Вот теперь я почувствовал злость. На сей раз он зашел слишком далеко.
— Я был горбат и тогда, когда являлся, говоря по-вашему, человеком истинной веры, — твердо ответил я. — Сейчас я сомневающийся, лаодикиец, как вам угодно было выразиться. А все потому, что на протяжении десяти лет я видел с обеих сторон людей, которые твердили о своей любви к Господу, но одновременно с этим грабили и убивали себе подобных. «По плодам их узнаете их». Не так ли говорится в Библии? Поглядите на плоды, которые принесла религия за эти десять лет. Перед глазами у нашего убийцы не счесть примеров, которые могут вдохновлять его на самые изощренные преступления.
Харснет нахмурился.
— Сторонники Папы делают все, чтобы доказать, будто истинной вере чуждо милосердие, и мы должны бороться с этим. Вам известно, что творит Боннер. Я не сторонник жестких мер, более того, я их терпеть не могу, но иногда без них не обойтись.
— Во что вы верите, Грегори? — осторожно спросил я. — Неужели, подобно Кранмеру, вы полагаете, что король — наместник Бога на земле, посаженный на трон, чтобы претворять в жизнь доктрину церкви, и что все должно происходить в соответствии с его волей?
— Нет, я верю в то, что истинная христианская церковь должна быть самоуправляема. Никаких епископов, никаких таинств. Так, как было в начале, так должно быть и в конце. А конец близок, в это я тоже верю.
— Так я и думал.
— Я вижу знамения, странные вещи, происходящие повсюду, вроде тех огромных рыб, которых извергли воды, вижу преследования истинных христиан. Антихрист здесь, это Папа. Сейчас не время для полумер.
— Я же уверен в том, что Книга Откровения была написана лжепророком, — ответил я, — а убийца осуществляет его дикие мечты и фантазии.
Я думал, Харснет взорвется от злости, но его взгляд оставался сочувственным. Он тяжело вздохнул.
— Вижу, вы искренне верите в то, что говорите, Мэтью.
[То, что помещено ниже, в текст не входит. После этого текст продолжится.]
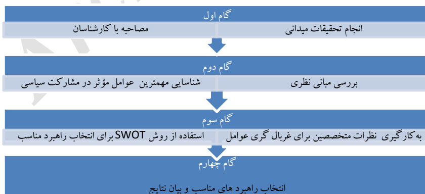
شکل ۱. فرایند انجام تحقیق

روش اس‌دبلیو‌آئی که در فارسی با نام تحلیل سوات هم شناخته می‌شود یکی از ابزارهای برنامه‌ریزی استراتژیک است که برای ارزیابی وضعیت داخلی و خارجی یک سیستم استفاده می‌شود. از این روش علاوه بر برنامه‌ریزی راهبردی به‌طور کلی در تحلیل وضعیت سازمان‌ها و سیستم‌ها استفاده می‌شود. در واقع این تحلیل را باید ابزاری کارآمد برای شناسایی شرایط محیطی و توانایی درونی بدانیم، پایه و اساس این ابزار کارآمد در مدیریت استراتژیک است. همچنین این پژوهش یک مطالعه موردی است. مطالعه موردی اختصاصاً، راهبرد مناسبی برای پاسخگویی به پرسش‌های مربوط به چگونگی و چرایی است و هدف آن تعیین عوامل و روابط میان عواملی است که بروز رفتار یا وضعیت موجود، در موارد تحت بررسی موجب شده است (حریری، ۱۳۸۵). انتخاب روش مناسب در یک پژوهش وابسته به اهدافی است که پژوهشگران مدنظر دارند. برای پاسخگویی به پرسش اصلی این پژوهش، سناریوی پژوهشی زیر طراحی شده است.

Я способен взглянуть на вещи с вашей позиции, и поверьте, мне самому зачастую не нравится делать многое из того, что мне приходится делать. Например, способы, которые я применяю в этом расследовании.
Его щека дважды дернулась, будто от нервного тика.
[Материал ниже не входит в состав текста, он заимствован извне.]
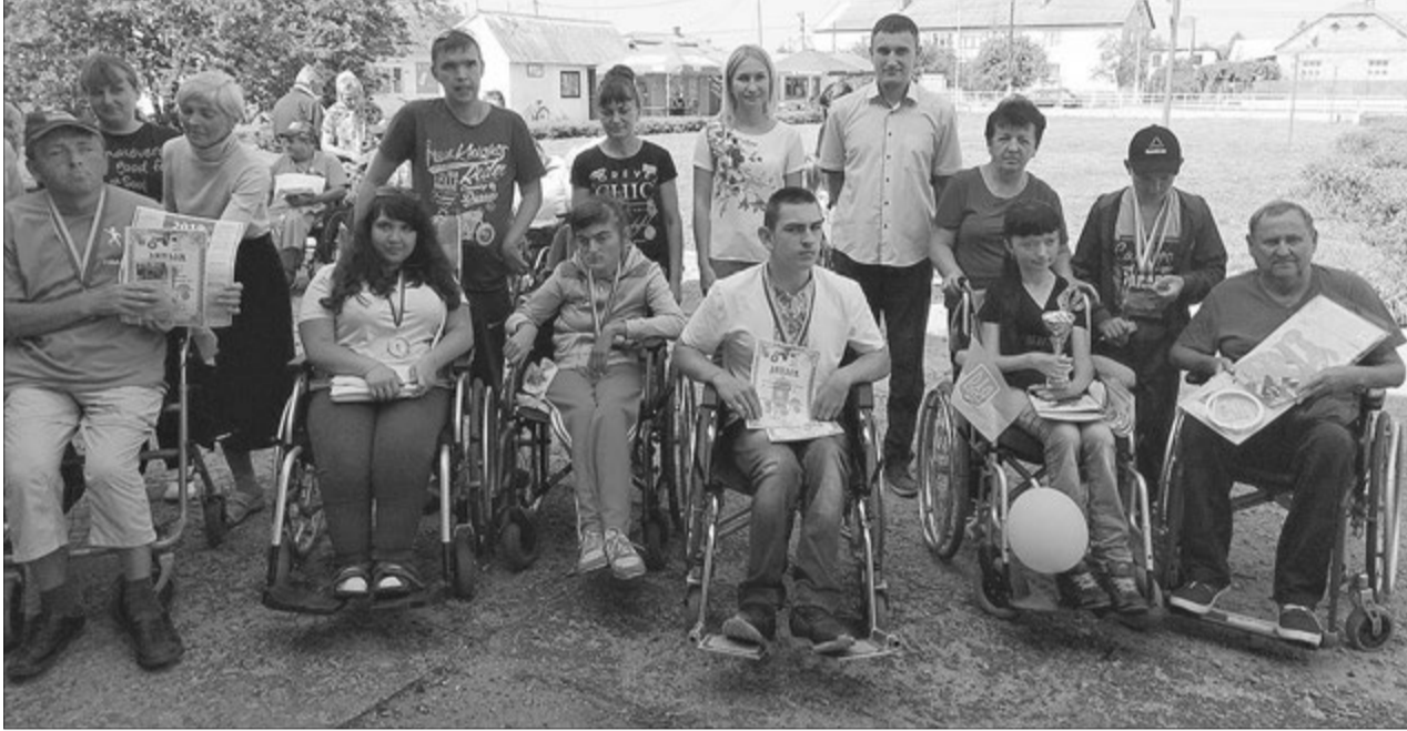
Паралімпійці готові підкорювати нові вершини.

— В тот день я усердно молился, и, как мне кажется, Бог услышал меня и утвердил меня в мысли о том, что истину о смерти несчастного Эллиарда необходимо сохранить в тайне. Я никогда ничего не делаю без молитвы и начинаю действовать, только получив ответ от Бога и поняв, что я нахожусь на верном пути.
Харснет улыбнулся.
— В конце концов, держать ответ мне придется перед Ним, а не перед смертными.
Он посмотрел на меня взглядом, в котором сочетались страстность и серьезность.
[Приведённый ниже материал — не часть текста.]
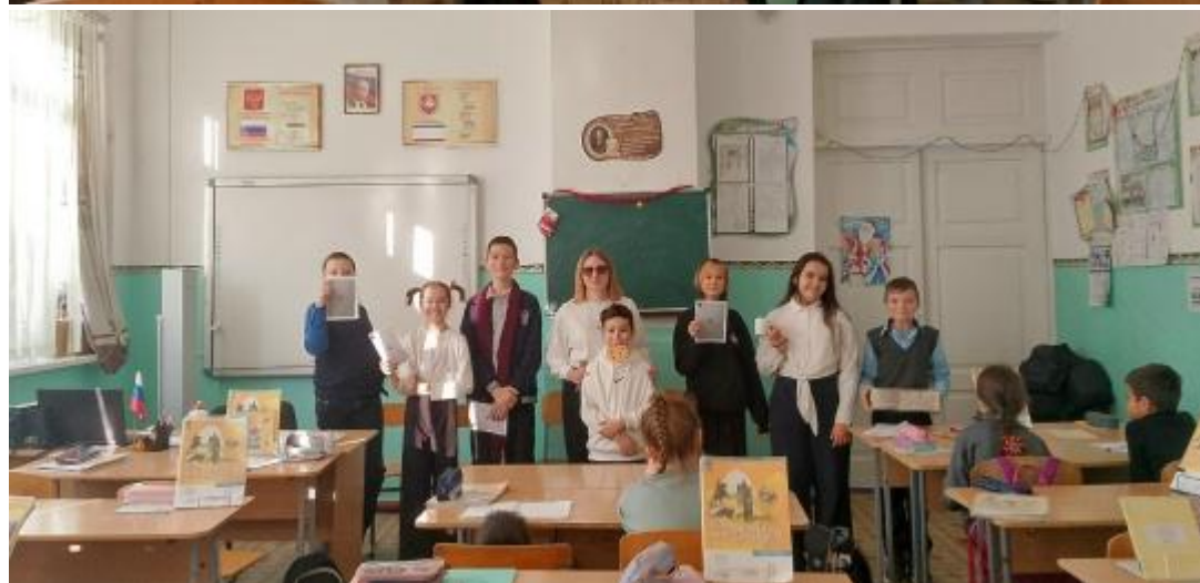
Сценка "Новый год в Простоквашино"

— В юности я тоже сомневался, как, наверное, любой человек. Но однажды, когда я молился, прося просветления, я почувствовал, как в меня вошел Бог, и мне показалось, будто я очнулся после долгого сна. Я ощутил любовь Бога, с моего сознания словно спала пелена.
— Мне казалось, что однажды я испытал то же самое, — с грустью отозвался я.
— Но этого, видимо, оказалось недостаточно?
— Нет.
Харснет улыбнулся.
— Возможно, такой момент еще наступит. После того, как закончится весь этот кошмар.
Он замялся, и в его глазах вновь проступила застенчивость.
— Мне хотелось бы быть вашим другом, Мэтью, — сказал он. — Поверьте, я умею дружить.
— Даже с лаодикийцами? — рассмеялся я.
— Даже с ними.
Я пожал ему руку и подумал, что, когда все это останется позади, произойдет одно из двух: либо я обрету веру, либо он ее потеряет.